------ SUPPLIED MATERIAL
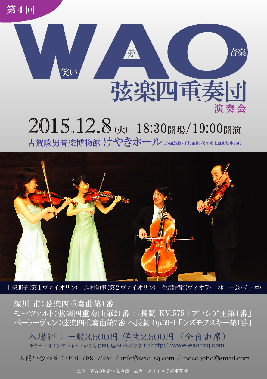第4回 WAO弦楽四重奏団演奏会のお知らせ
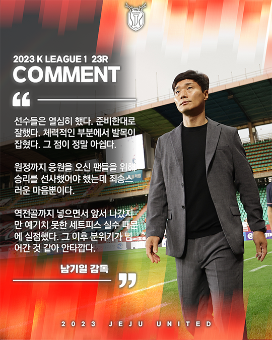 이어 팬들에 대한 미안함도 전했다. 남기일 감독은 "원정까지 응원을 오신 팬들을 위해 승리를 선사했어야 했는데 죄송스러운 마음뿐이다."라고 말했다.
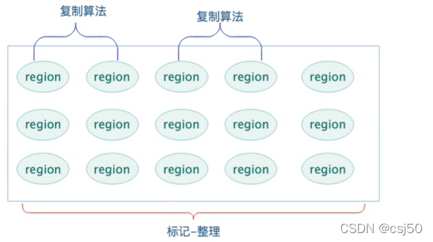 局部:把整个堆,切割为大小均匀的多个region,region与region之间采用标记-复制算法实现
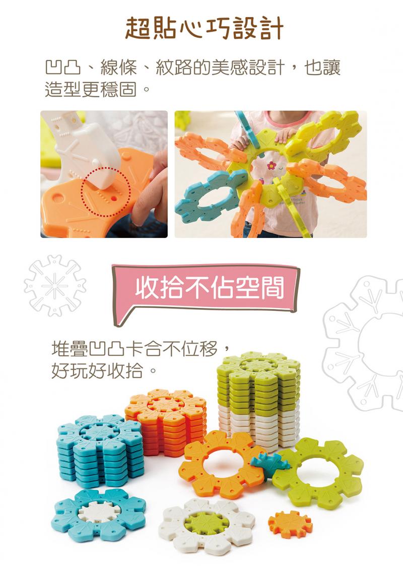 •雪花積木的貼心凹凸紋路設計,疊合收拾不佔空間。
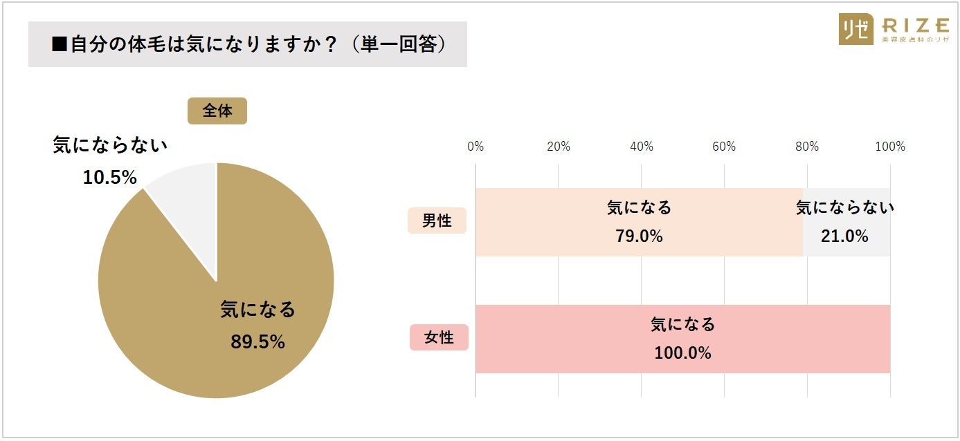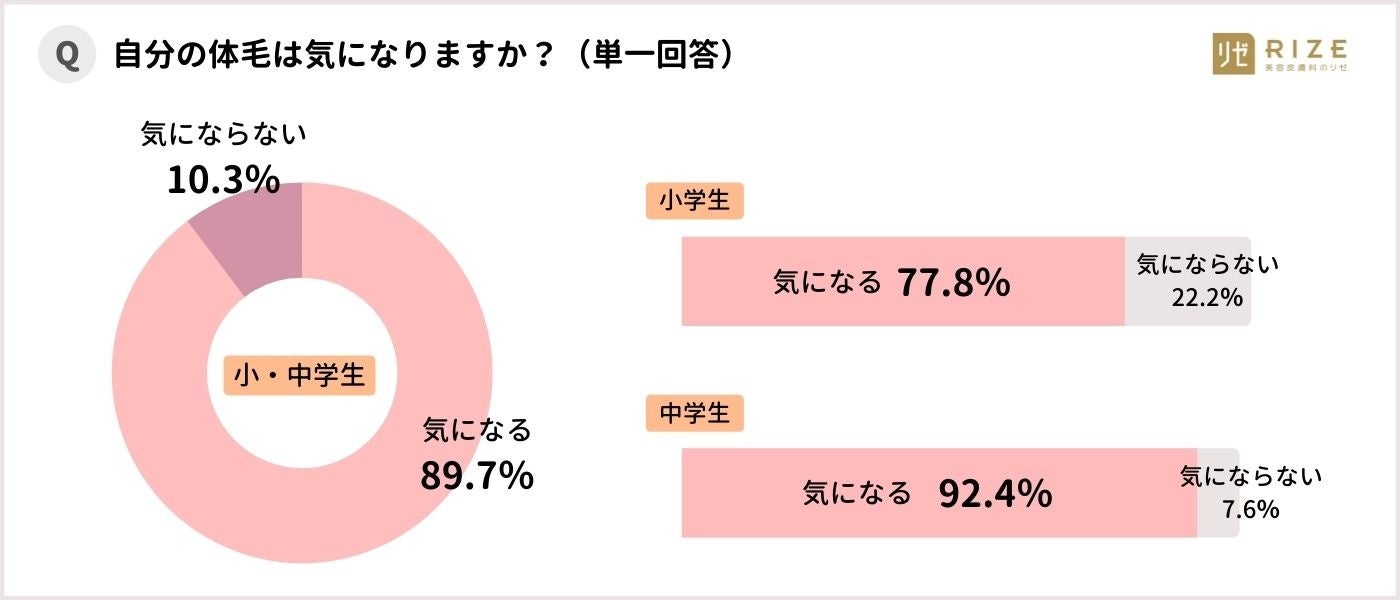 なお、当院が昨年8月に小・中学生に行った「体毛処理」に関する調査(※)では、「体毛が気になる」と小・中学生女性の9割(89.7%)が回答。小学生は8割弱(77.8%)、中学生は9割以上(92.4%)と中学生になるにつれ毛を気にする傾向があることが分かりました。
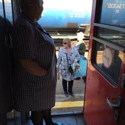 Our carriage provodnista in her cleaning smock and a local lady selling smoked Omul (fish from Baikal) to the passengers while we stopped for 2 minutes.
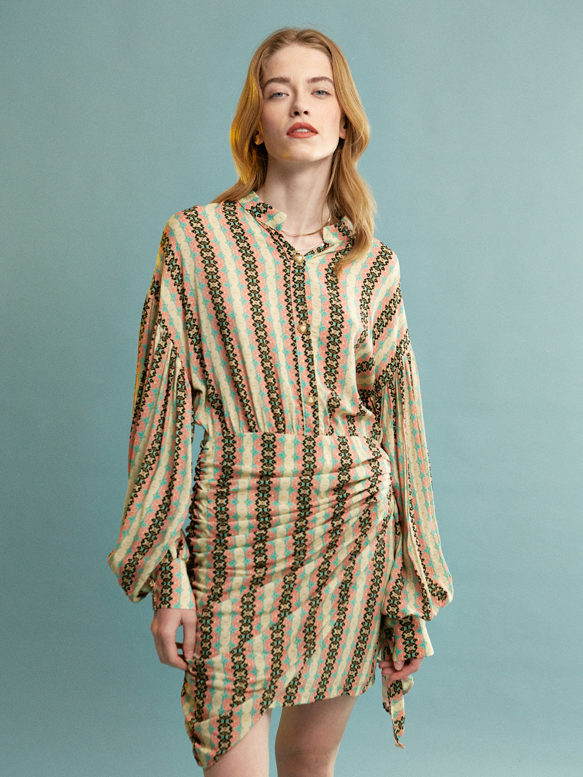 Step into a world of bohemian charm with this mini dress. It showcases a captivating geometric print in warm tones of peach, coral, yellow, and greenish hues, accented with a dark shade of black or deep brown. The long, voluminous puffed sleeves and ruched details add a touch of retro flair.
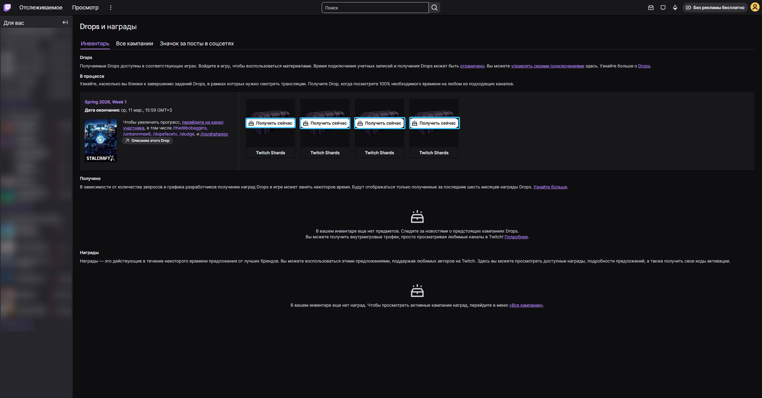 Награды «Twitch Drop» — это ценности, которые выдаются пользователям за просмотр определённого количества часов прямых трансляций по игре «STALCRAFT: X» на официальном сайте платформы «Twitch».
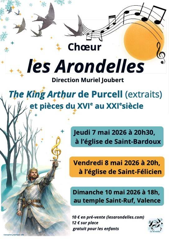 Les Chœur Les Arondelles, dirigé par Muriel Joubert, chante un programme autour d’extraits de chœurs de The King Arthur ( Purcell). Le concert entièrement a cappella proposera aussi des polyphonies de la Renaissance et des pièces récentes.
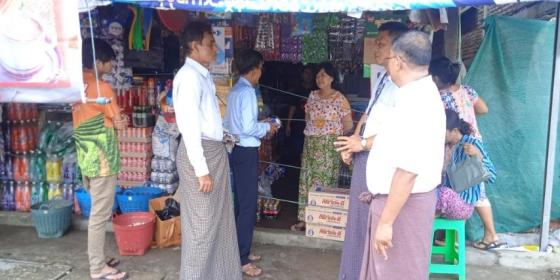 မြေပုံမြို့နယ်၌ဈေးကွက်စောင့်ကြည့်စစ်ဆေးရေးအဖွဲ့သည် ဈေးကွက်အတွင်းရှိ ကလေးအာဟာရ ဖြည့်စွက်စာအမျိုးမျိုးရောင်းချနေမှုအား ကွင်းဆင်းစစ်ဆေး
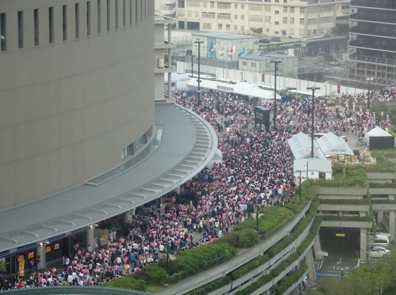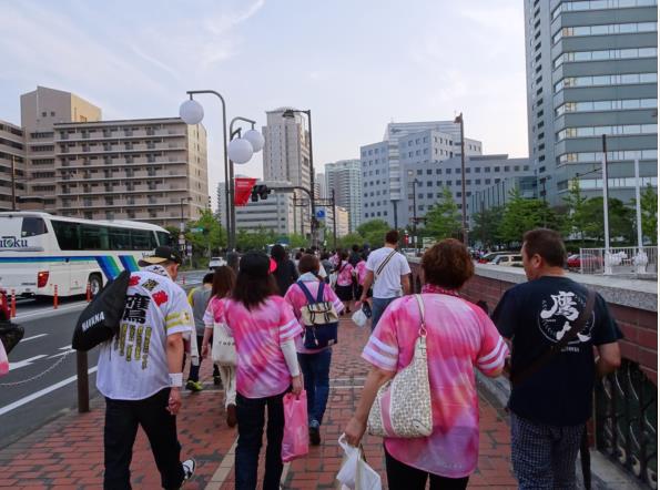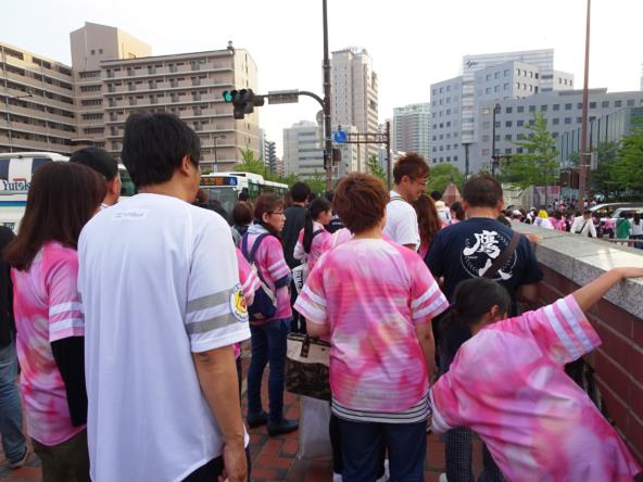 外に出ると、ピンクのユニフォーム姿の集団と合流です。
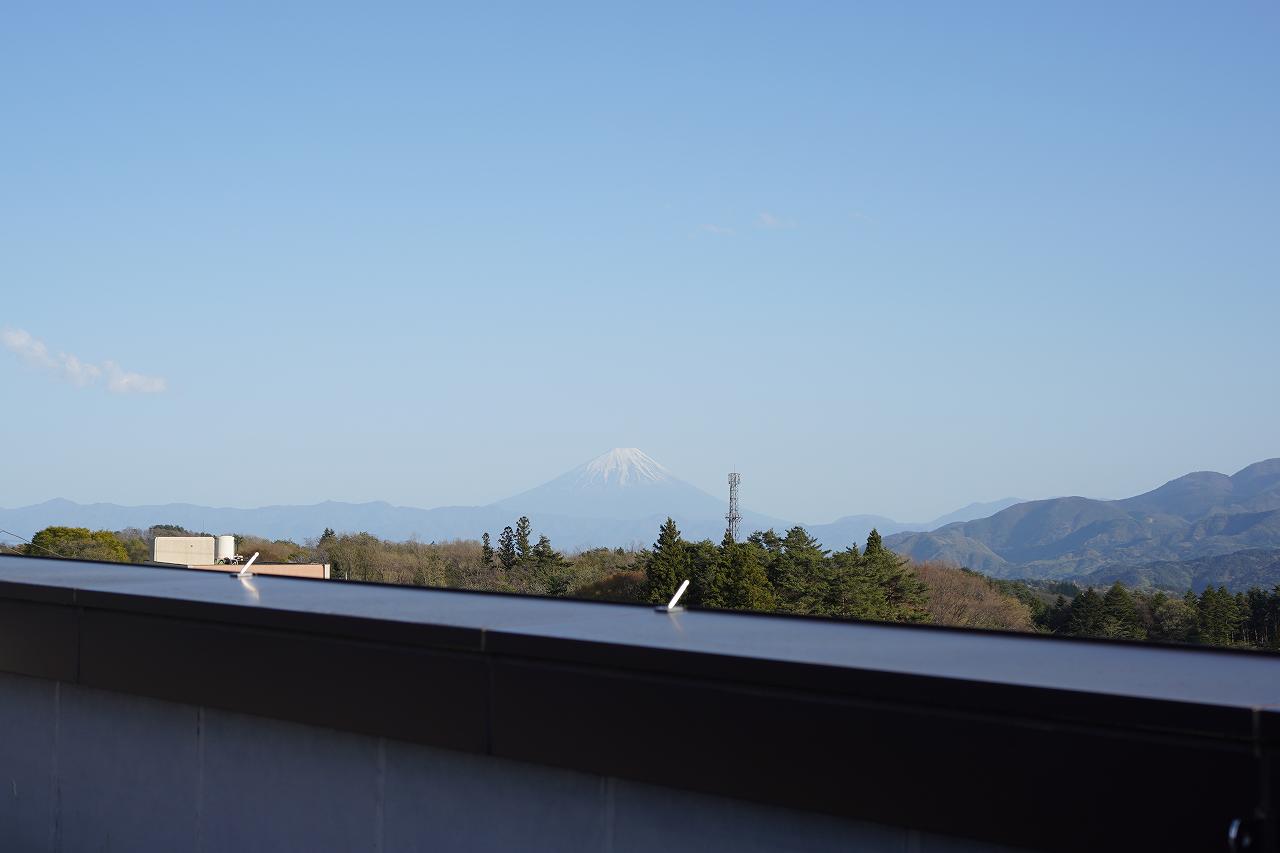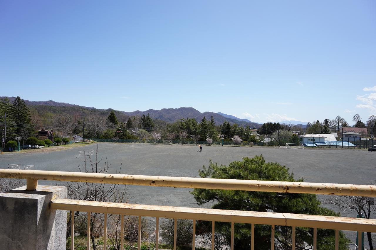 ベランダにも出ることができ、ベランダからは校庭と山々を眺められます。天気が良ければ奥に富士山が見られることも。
------------
• **TASK ITEM**
From the line containing "なお、当院が昨年8月に小・中" through the last line of the material above, write out each line exactly, leaving aside all pictures.

• **SOLUTION**
 なお、当院が昨年8月に小・中学生に行った「体毛処理」に関する調査(※)では、「体毛が気になる」と小・中学生女性の9割(89.7%)が回答。小学生は8割弱(77.8%)、中学生は9割以上(92.4%)と中学生になるにつれ毛を気にする傾向があることが分かりました。
 Our carriage provodnista in her cleaning smock and a local lady selling smoked Omul (fish from Baikal) to the passengers while we stopped for 2 minutes.
 Step into a world of bohemian charm with this mini dress. It showcases a captivating geometric print in warm tones of peach, coral, yellow, and greenish hues, accented with a dark shade of black or deep brown. The long, voluminous puffed sleeves and ruched details add a touch of retro flair.
 Награды «Twitch Drop» — это ценности, которые выдаются пользователям за просмотр определённого количества часов прямых трансляций по игре «STALCRAFT: X» на официальном сайте платформы «Twitch».
 Les Chœur Les Arondelles, dirigé par Muriel Joubert, chante un programme autour d’extraits de chœurs de The King Arthur ( Purcell). Le concert entièrement a cappella proposera aussi des polyphonies de la Renaissance et des pièces récentes.
 မြေပုံမြို့နယ်၌ဈေးကွက်စောင့်ကြည့်စစ်ဆေးရေးအဖွဲ့သည် ဈေးကွက်အတွင်းရှိ ကလေးအာဟာရ ဖြည့်စွက်စာအမျိုးမျိုးရောင်းချနေမှုအား ကွင်းဆင်းစစ်ဆေး
 外に出ると、ピンクのユニフォーム姿の集団と合流です。
 ベランダにも出ることができ、ベランダからは校庭と山々を眺められます。天気が良ければ奥に富士山が見られることも。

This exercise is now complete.